*** Input data ***
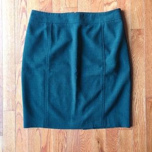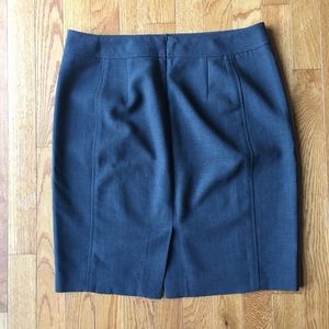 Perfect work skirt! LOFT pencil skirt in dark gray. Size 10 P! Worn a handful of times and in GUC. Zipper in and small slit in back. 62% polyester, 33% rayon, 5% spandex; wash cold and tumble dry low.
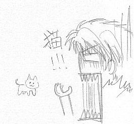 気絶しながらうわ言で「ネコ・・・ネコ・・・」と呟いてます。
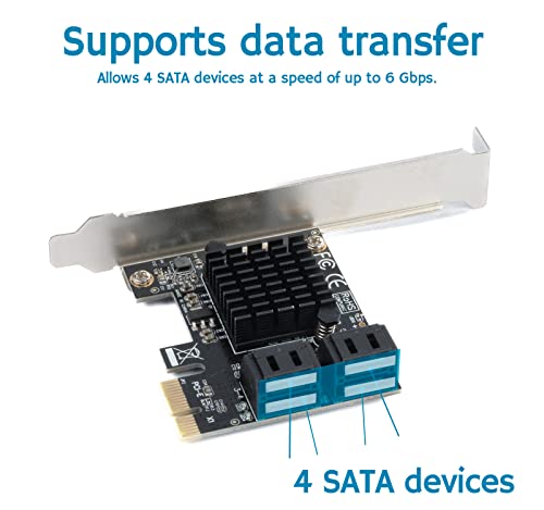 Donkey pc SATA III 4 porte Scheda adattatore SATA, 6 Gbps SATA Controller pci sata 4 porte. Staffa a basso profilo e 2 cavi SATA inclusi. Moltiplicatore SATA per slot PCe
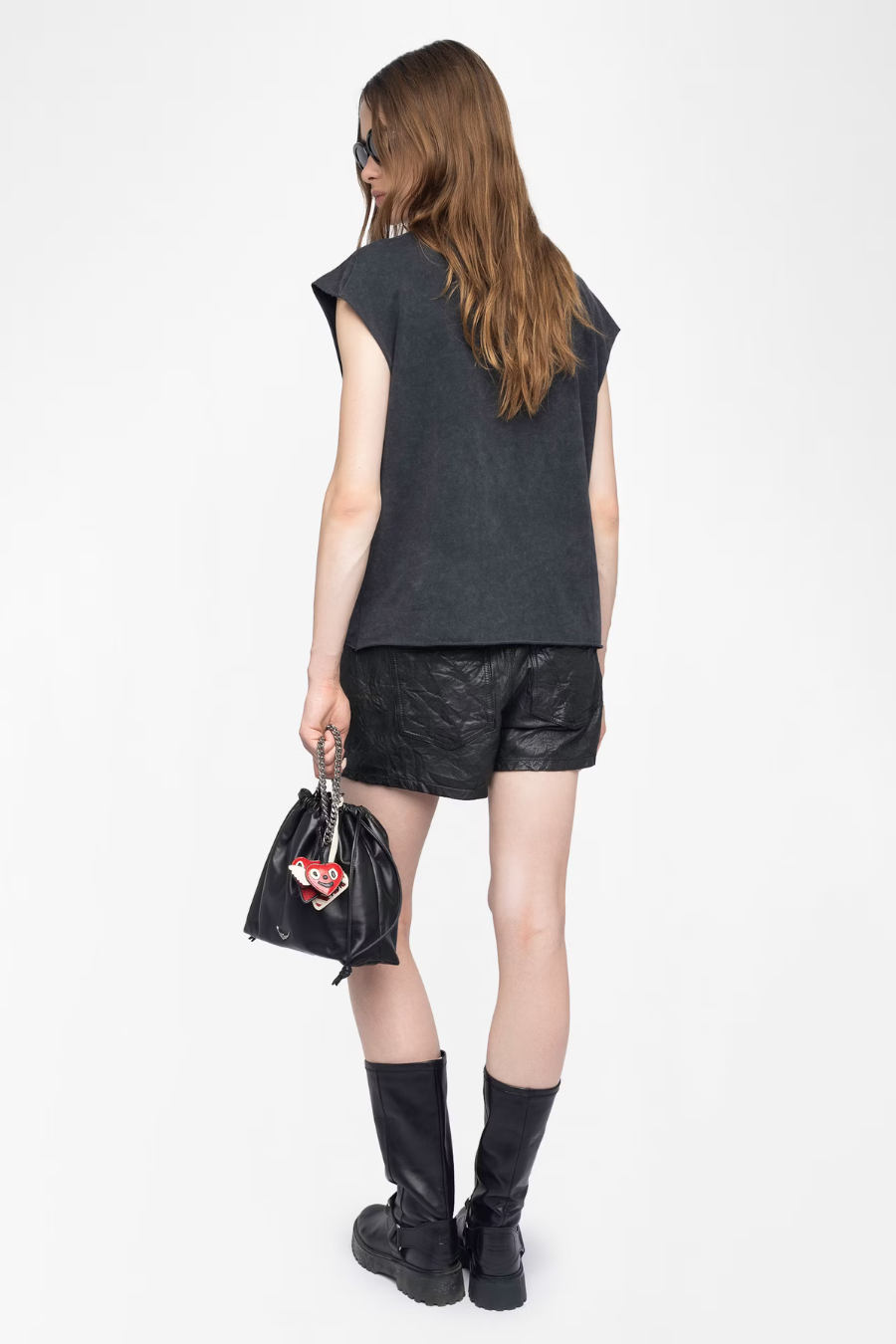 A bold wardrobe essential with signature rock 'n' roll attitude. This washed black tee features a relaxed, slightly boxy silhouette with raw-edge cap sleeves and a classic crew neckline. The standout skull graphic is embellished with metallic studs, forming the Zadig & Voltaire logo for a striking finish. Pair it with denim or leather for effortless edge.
*** End of Input data ***
- _Your task_: What you output must match the data exactly, apart from the pictures, which are left out.

- _Expected output_:
 Perfect work skirt! LOFT pencil skirt in dark gray. Size 10 P! Worn a handful of times and in GUC. Zipper in and small slit in back. 62% polyester, 33% rayon, 5% spandex; wash cold and tumble dry low.
 気絶しながらうわ言で「ネコ・・・ネコ・・・」と呟いてます。
 Donkey pc SATA III 4 porte Scheda adattatore SATA, 6 Gbps SATA Controller pci sata 4 porte. Staffa a basso profilo e 2 cavi SATA inclusi. Moltiplicatore SATA per slot PCe
 A bold wardrobe essential with signature rock 'n' roll attitude. This washed black tee features a relaxed, slightly boxy silhouette with raw-edge cap sleeves and a classic crew neckline. The standout skull graphic is embellished with metallic studs, forming the Zadig & Voltaire logo for a striking finish. Pair it with denim or leather for effortless edge.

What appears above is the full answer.